Academics

McHale named Distinguished Professor for work in human development

UNIVERSITY PARK, Pa. – Susan McHale has been named a Distinguished Professor of Human Development and Family Studies.

McHale, director of the Social Science Research Institute (SSRI), has been a faculty member in the Department of Human Development and Family Studies (HDFS) since 1980. She held the position of interim department head of HDFS from 2002 to 2003.

“Susan McHale is an extraordinary colleague who does it all well,” said Ann C. Crouter, Raymond E. and Erin Stuart Shultz Dean of the College of Health and Human Development. “She is an exemplary researcher, a gifted teacher and mentor, and a person who gives her all to the University through her work as director of the Social Science Research Center. She is so deserving of this important recognition.”

McHale’s areas of study encompass the social ecologies of child and adolescent. She is one of a handful of researchers to illuminate the importance of sibling relationships and dynamics in families, Crouter said.

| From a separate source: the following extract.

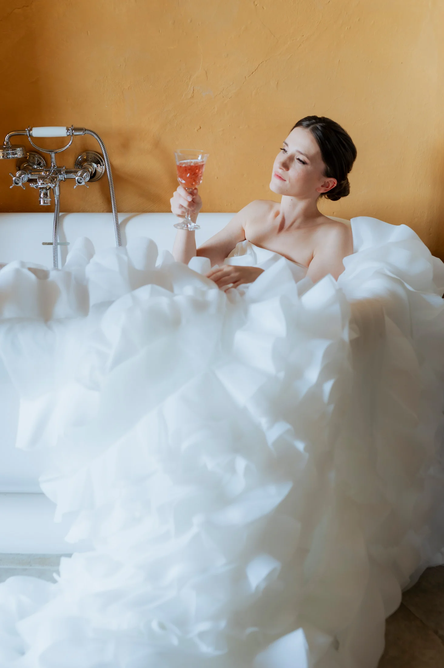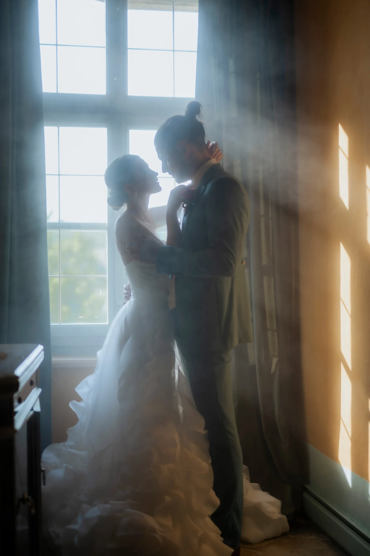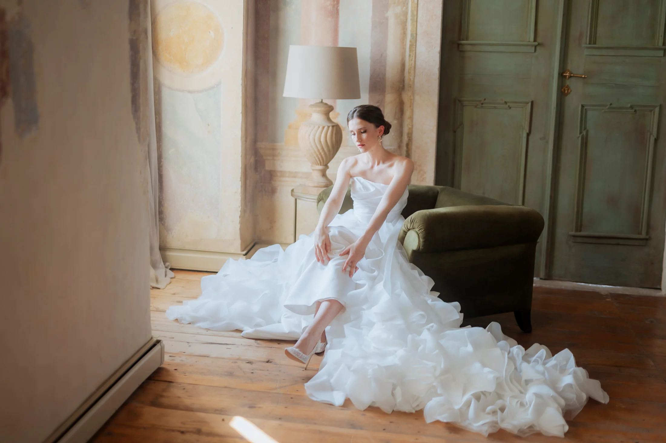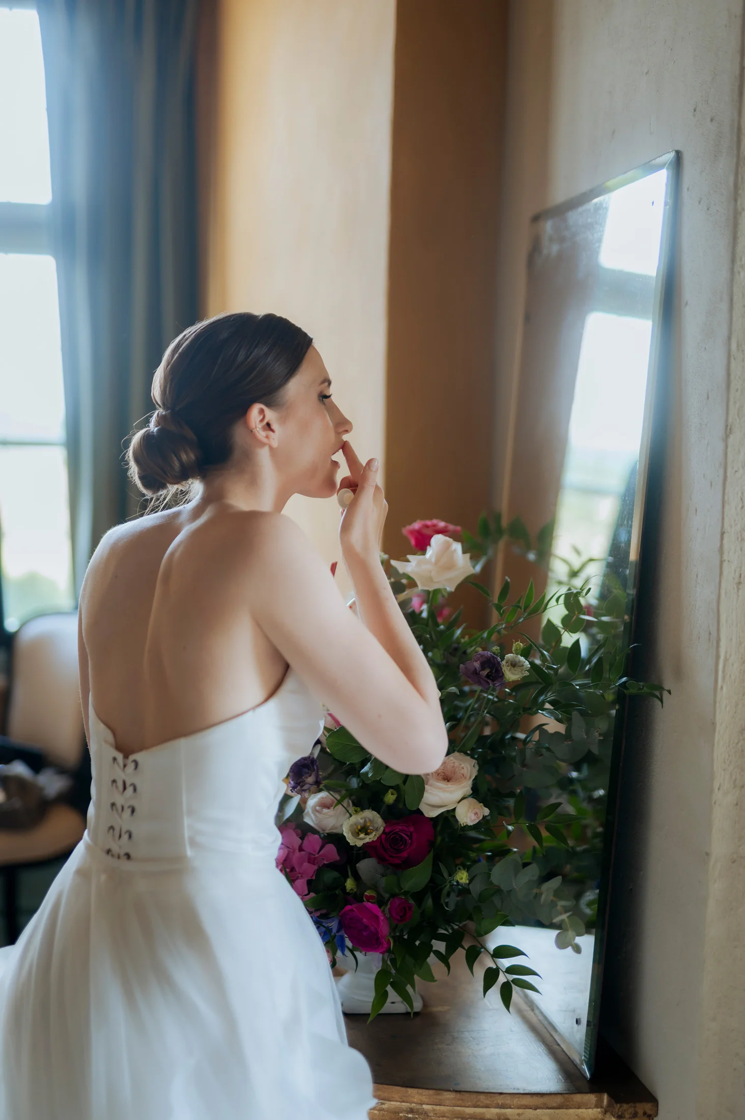 Das Brautkleid stammte aus dem Love Glow Concept, einem Atelier für hochwertige Brautmode. Der elegante, zeitlose Schnitt des Kleides harmonierte mit dem klassischen Stil des Schlosses und passte perfekt zum Gesamtkonzept. Die Braut strahlte in ihrem traumhaften Kleid, das in der historischen Kulisse des Schlosses besonders gut zur Geltung kam.

“As she has pointed out, the sibling bond is often the most enduring relationship a person has in his or her life, but, compared with marital and parent-child relationships, it is the family relationship that has gotten the least attention,” Crouter said. “Susan has helped correct that situation by conducting longitudinal studies of families from childhood to young adulthood that gather detailed data from mothers, fathers and two children in each family. And she built on what she has learned in her longitudinal work to develop innovative intervention programs to strengthen sibling relations. We are so lucky to have a family scholar of her caliber at Penn State.”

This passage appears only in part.